The founder and CEO of Facebook Mark Zuckerberg speaks during the 56th Munich Security Conference in Munich, southern Germany, on February 15, 2020.
Christof Stache | AFP | Getty Images
Facebook on Monday will begin urging some iPhone and iPad users to let the company track their activity so the social media giant can show them more personalized ads.
The move comes alongside Apple‘s planned privacy update to iOS 14, which will inform users about this kind of tracking and ask them if they want to allow it.
The two companies have been at odds for a decade, and have recently engaged in a heated war of words around these privacy changes. Last week, Facebook CEO Mark Zuckerberg called Apple one of its biggest competitors and said the privacy changes will hurt the growth of “millions of businesses around the world.” The next day, Apple CEO Tim Cook alluded to Facebook in a speech at a data privacy conference in Brussels, saying, “If a business is built on misleading users, on data exploitation, on choices that are no choices at all, it does not deserve our praise. It deserves reform.”
The battle focuses on a unique device identifier on every iPhone and iPad called the IDFA. Companies that sell mobile advertisements, including Facebook, use this ID to help target ads and estimate their effectiveness.
With a forthcoming update to iOS 14, each app that wants to use these identifiers will ask users to opt in to tracking when the app is first launched.

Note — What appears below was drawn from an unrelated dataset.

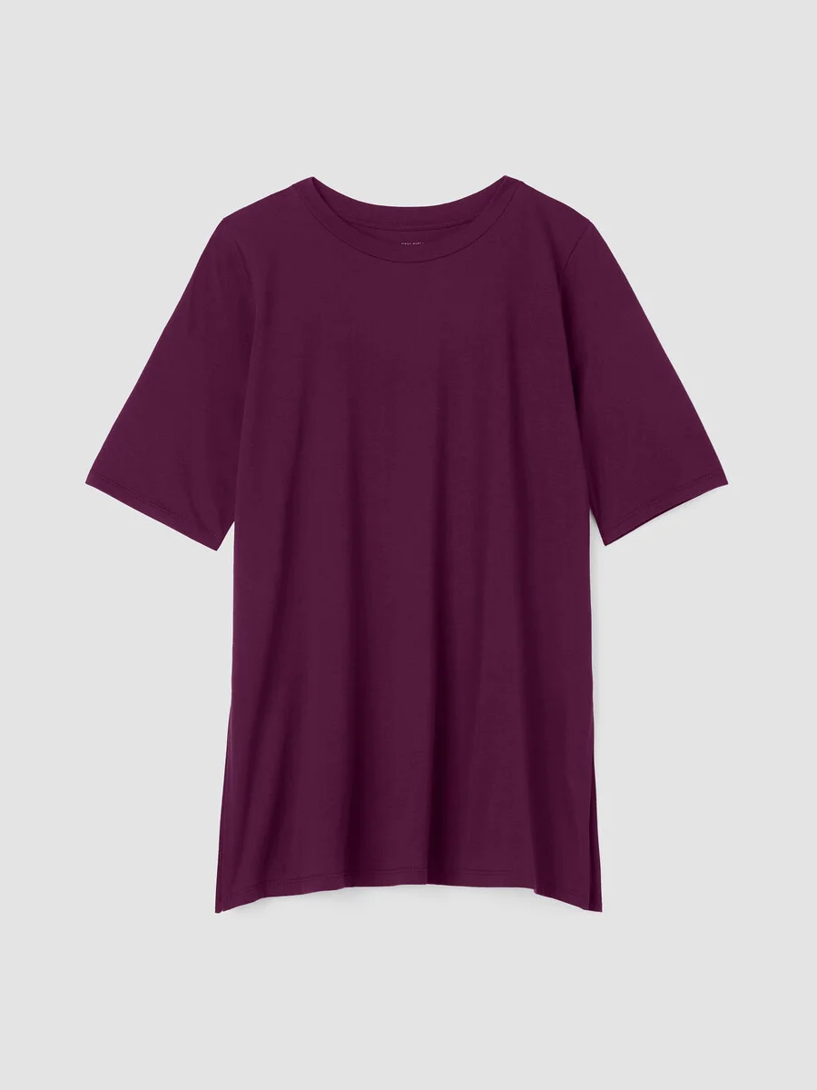 A new take on a wardrobe essential. The crew neck T-shirt updated with elbow sleeves and dramatic side slits for movement. In Organic Pima Cotton Jersey that's now grown using regenerative farming methods. Style No. S5KRS-T6171 DESIGN - Close at the shoulders, wider at the hem. A silhouette that fits the body with ease. - Size XS measures 29 inches on the body. Size 1X measures 32 inches on the body. - Crew neck, elbow sleeves. - 9-inch side slits. - Finished with banding at the neck. - Style No. S5KRS-T6171 FABRIC - A jersey knit with the smoothness and luster that come from a luxurious fiber—extra-long staple organic cotton. Now grown using regenerative farming methods that focus on soil health and biodiversity. Grown, spun, dyed and knit in Peru. - Machine wash cold. Lay flat to dry. Do not dry clean. - Made in Peru. 100% Organic Cotton. SUSTAINABILITY - Organic farming supports clean water and healthy soil.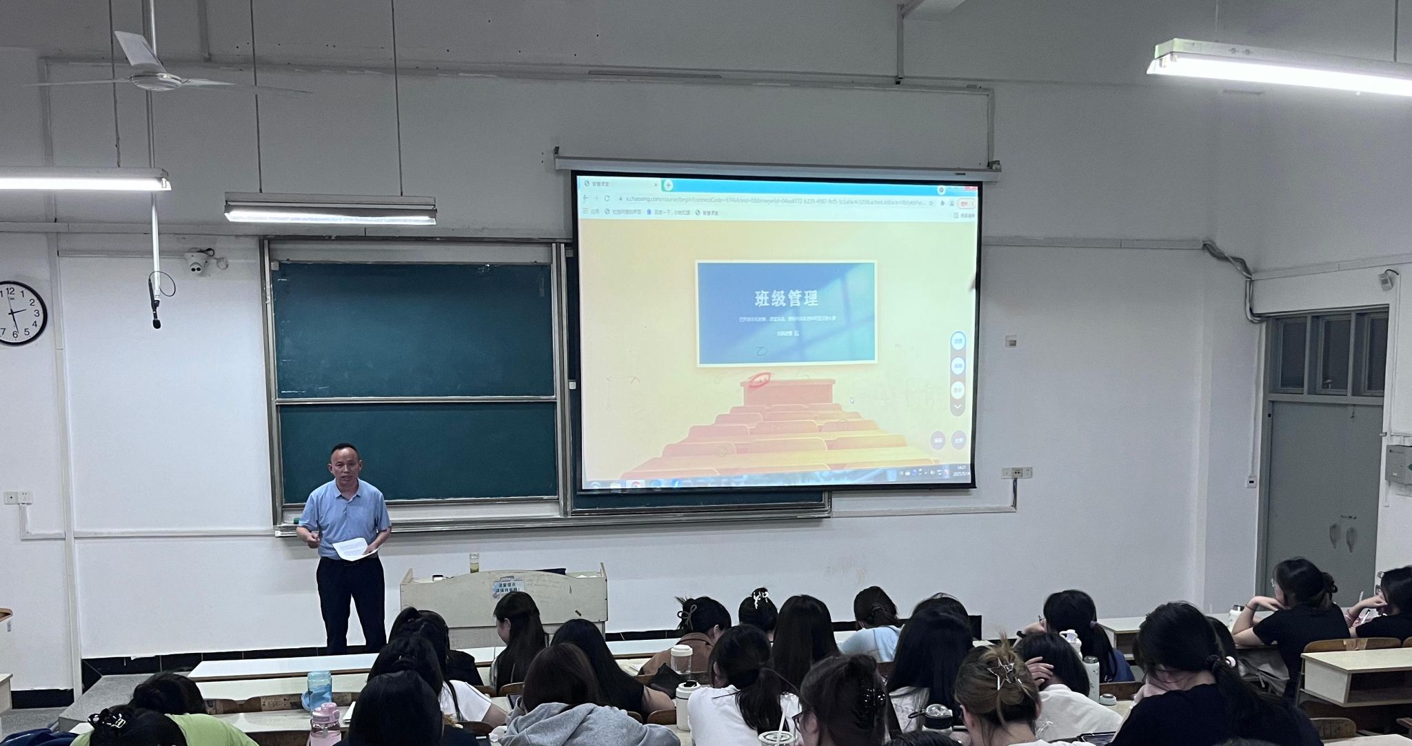 汪宏结合自身三十多年的教育实践经验,分享了班主任工作的宝贵理念和方法。他首先明确了班主任的角色定位,指出班主任不仅是学生的第一责任人,更是他们成长路上的重要引路人,鼓励同学们勇于承担班主任工作,在实践中不断提升自我。其次,在班级管理方面,他提出“管”与“理”相结合的理念,既要通过规则规范学生行为,又要以柔性劝导的方式关怀学生成长,做到刚柔并济。最后,他结合工作中的实际案例,总结了处理问题的关键原则:保持端正的态度、稳定的情绪,做到就事论事、冷静应对。汪宏的分享帮助学生意识到教师应以平和的心态和积极的情感面对工作,在关爱学生的同时,也要学会保护自己,实现师生共同成长。

If users opt out, it will make these ads a lot less effective. Facebook has warned investors that these looming changes could hurt its advertising business as soon as this quarter.

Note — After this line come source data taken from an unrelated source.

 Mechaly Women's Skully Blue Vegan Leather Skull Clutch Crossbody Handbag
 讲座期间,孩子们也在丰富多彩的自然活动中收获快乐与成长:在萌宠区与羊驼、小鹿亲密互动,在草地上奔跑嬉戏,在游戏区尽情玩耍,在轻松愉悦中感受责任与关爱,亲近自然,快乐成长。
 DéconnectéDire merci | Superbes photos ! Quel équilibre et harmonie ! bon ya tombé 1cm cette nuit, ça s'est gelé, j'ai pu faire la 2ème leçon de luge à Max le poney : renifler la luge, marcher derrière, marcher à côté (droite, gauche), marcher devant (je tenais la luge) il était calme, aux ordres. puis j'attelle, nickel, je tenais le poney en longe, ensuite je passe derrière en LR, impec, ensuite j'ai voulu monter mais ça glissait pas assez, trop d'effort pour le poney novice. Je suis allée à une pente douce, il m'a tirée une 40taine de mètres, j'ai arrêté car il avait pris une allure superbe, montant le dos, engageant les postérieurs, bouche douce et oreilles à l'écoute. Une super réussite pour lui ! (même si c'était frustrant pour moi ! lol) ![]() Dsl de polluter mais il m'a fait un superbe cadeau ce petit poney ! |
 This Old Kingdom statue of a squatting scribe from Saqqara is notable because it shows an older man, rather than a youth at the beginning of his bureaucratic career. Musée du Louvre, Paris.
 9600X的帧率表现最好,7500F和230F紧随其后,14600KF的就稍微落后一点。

Facebook is testing the effects of this update now, before Apple makes it mandatory for all apps early this spring.
As part of this test, Facebook will begin showing some users its own prompts starting on Monday, explaining why it wants to track this activity and asking users to opt in. These prompts will appear on Apple users’ screens immediately before the Apple pop-up appears.
One test version of the Facebook prompt has a bold-faced header asking “Allow Facebook to use your app and website activity?” and claims that Facebook uses that information to “provide a better ads experience.” It will then offer users a choice between “Don’t Allow” and “Allow.” (The precise language and appearance of the Facebook prompt may vary.)
No matter which selection users make on the Facebook prompt, if they choose not to allow tracking on the Apple pop-up, that choice will be final and Facebook will honor it.
Correction: An earlier version of this story misquoted a portion of Tim Cook’s speech. The quote has been corrected.